7) Consistency and CAP

  • CAP theorem
  • Under partition, choose between availability and consistency. Most internet-scale systems are AP with tunable consistency.
  • Consistency models
  • Strong (linearizable), sequential, causal, eventual, read-your-writes, monotonic reads/writes.
  • Quorums (for N replicas)
  • Read quorum R + write quorum W > N to achieve strong consistency for reads.
  • Example: N=3, W=2, R=2 gives R+W=4>3.
  • Isolation levels (DB)
  • Read uncommitted, read committed, repeatable read, serializable.
  • Conflict resolution
  • Last write wins (with caveats), vector clocks, CRDTs, app-specific merges.
  • Idempotency
  • Use idempotency keys; put operations behind unique request IDs.

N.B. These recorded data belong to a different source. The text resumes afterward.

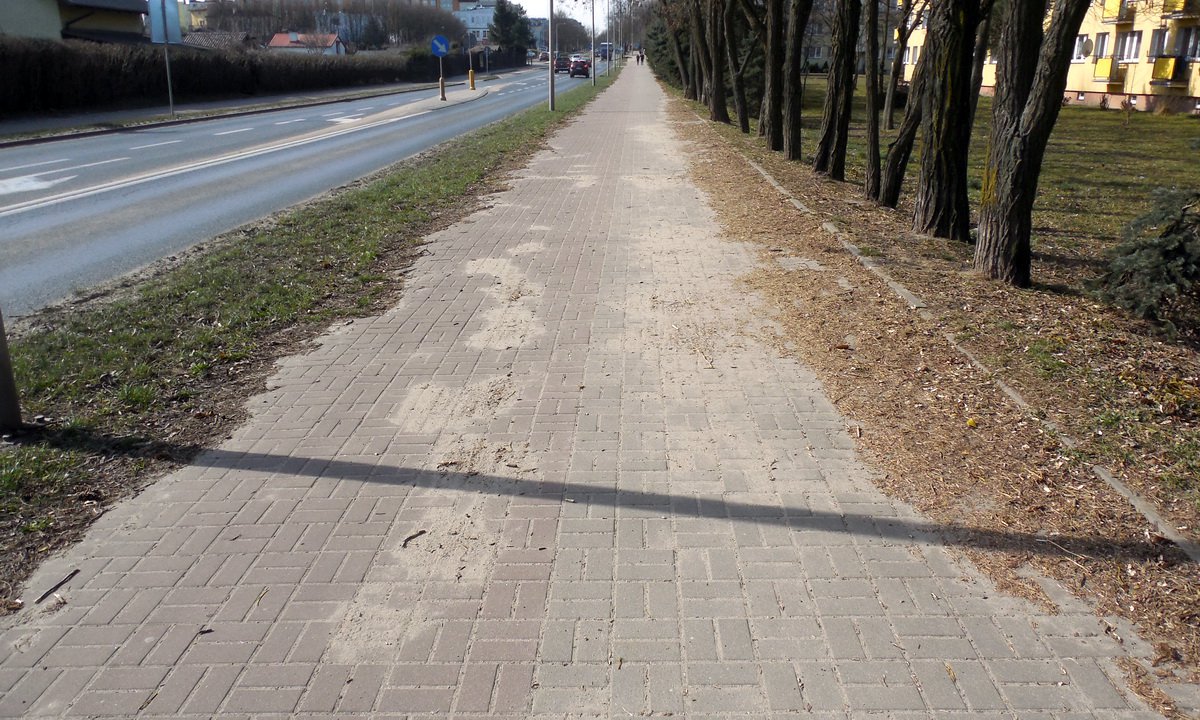 Zapadliska wokół studzienek są o wiele mniejsze, niż na gminnym odcinku ul. Tucholskiej, czyli drogi z Chojnic do Tucholi. Tam od Pawłowa do ronda, mimo ciągłej walki drogowców, wokół studzienek są spore uskoki. Natomiast na ul. Kościerskiej przydałoby się naprawić ścieżkę rowerową z polbruku. Ma nierówną nawierzchnię , nie tylko z powodu korzeni rosnących obok drzew. Natomiast na posprzątanie po zimie czeka przede wszystkim chodnik i ścieżka rowerowa.
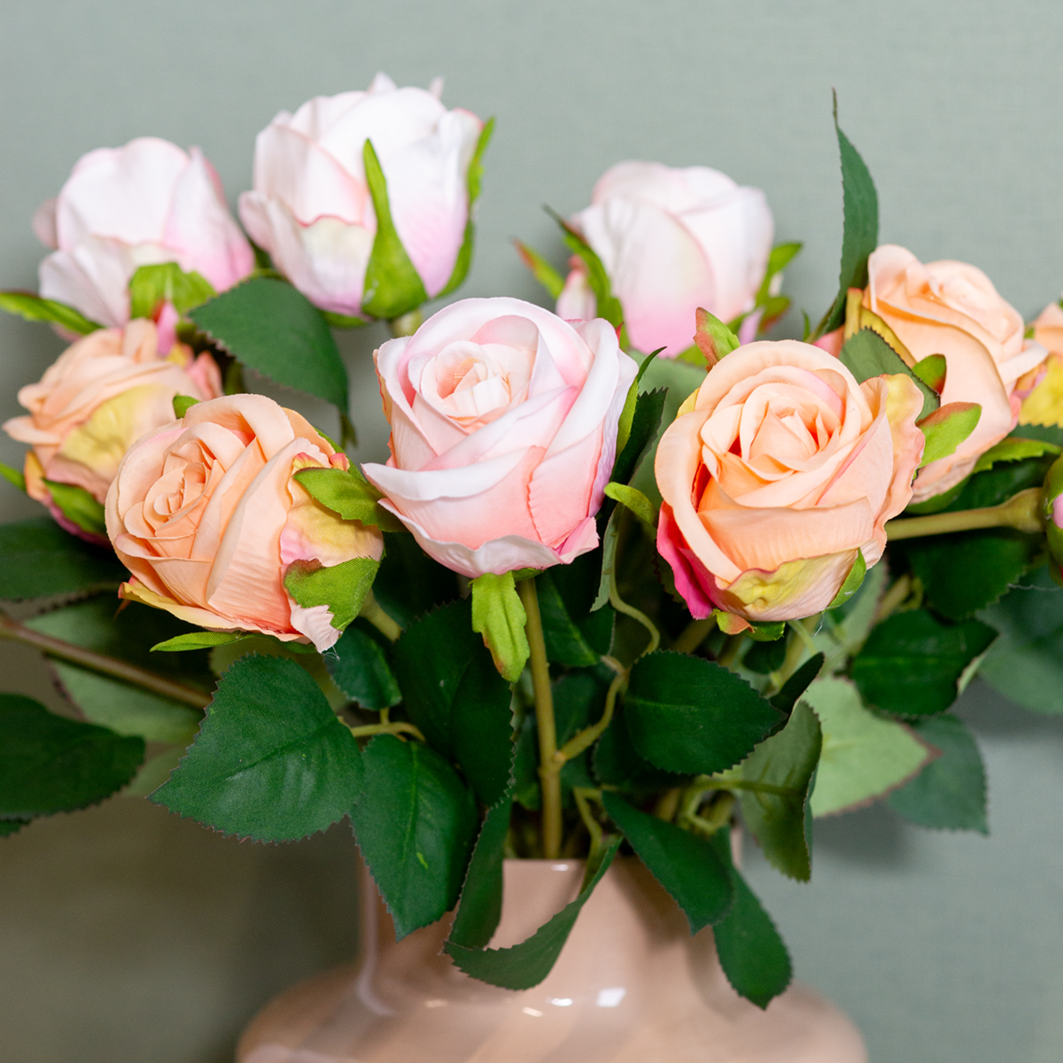 Uwielbiasz urok róż, ale chcesz uniknąć kłopotów z ich pielęgnacją? Żaden problem! Z naszym bukietem sztucznych róż możesz wnieść ponadczasowe piękno królowej kwiatów prosto do swojego domu. Idealny dla każdego, kto ceni elegancką dekorację bez potrzeby stosowania świeżych kwiatów. Niezależnie od tego, czy będzie to centralny punkt salonu, urocza dekoracja stołu na specjalne okazje, czy stylowy prezent – ten bukiet róż nada każdemu wnętrzu wyjątkowego charakteru. Delikatne, różowe, jedwabne kwiaty w połączeniu z zielonymi liśćmi wyglądają tak niesamowicie realistycznie, że można niemal zapomnieć, że są sztuczne. Twoi goście będą zachwyceni!
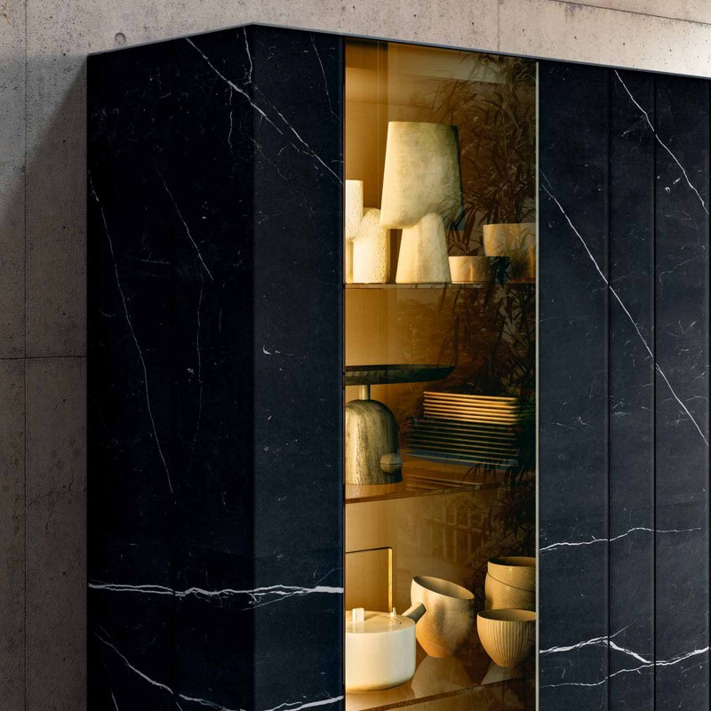 Get inspired by the range of XGlass finishes with a marble, metal or wood effect to make your N.O.W suspended sideboard by Lago unique.
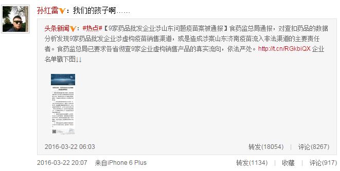 繼章子怡、賈乃亮等人在微博發(fā)聲關(guān)注疫苗安全問(wèn)題后,3月22日晚,孫紅雷也在微博心痛呼叫“我的孩子……”任賢齊在微博中寫道:“請(qǐng)重視并嚴(yán)懲無(wú)良商人!別讓這些混蛋荼毒孩子們的健康!”舒淇、趙薇也排隊(duì)轉(zhuǎn)發(fā)并利用自身名人效應(yīng)呼吁。
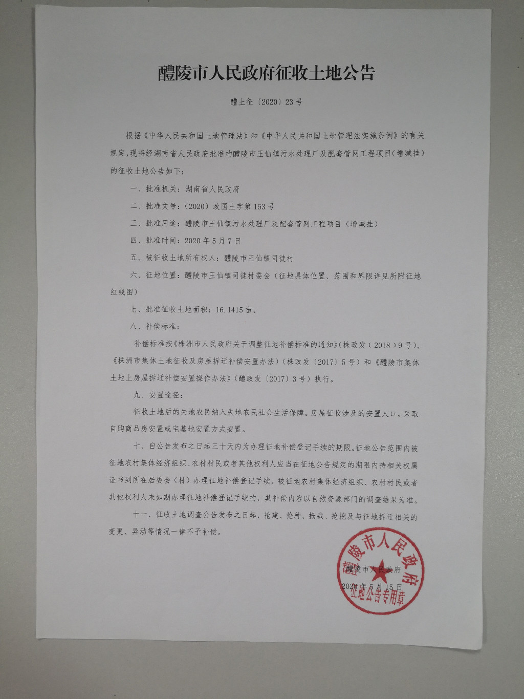醴陵市人民政府征收土地公告(醴陵市王仙镇污水处理厂及配套管网工程项目(增减挂))

8) Data Partitioning and Storage

  • Partitioning strategies
  • Hash-based (uniform, hard to range scan), range-based (good for range scans, hot ranges risk), directory/lookup (flexible, metadata overhead).
  • Hot keys and skew
  • Mitigate with time-bucketed keys, random suffixes, or consistent hashing with virtual nodes.
  • Replication
  • Synchronous (lower RPO, higher latency) vs asynchronous (higher RPO risk).
  • Leader-follower vs leaderless (Dynamo-style).
  • Secondary indexes
  • Local vs global secondary indexes; write amplification; consistency implications.
  • Schema evolution
  • Backward-compatible changes; dual writes/migrations; online backfills.

9) Caching

  • Layers
  • Client cache, CDN/edge, service-level cache (Redis), DB cache (buffer pool).
  • Patterns
  • Read-through, write-through, write-back, cache-aside.
  • Invalidation
  • TTLs, explicit invalidation on writes, versioned keys.
  • Pitfalls
  • Thundering herd: add jitter, request coalescing, locks, stale-while-revalidate.
  • Inconsistent cache + DB: accept eventual consistency or enforce write-through.
  • Key design
  • Namespacing, include version/schema hash; avoid unbounded cardinality.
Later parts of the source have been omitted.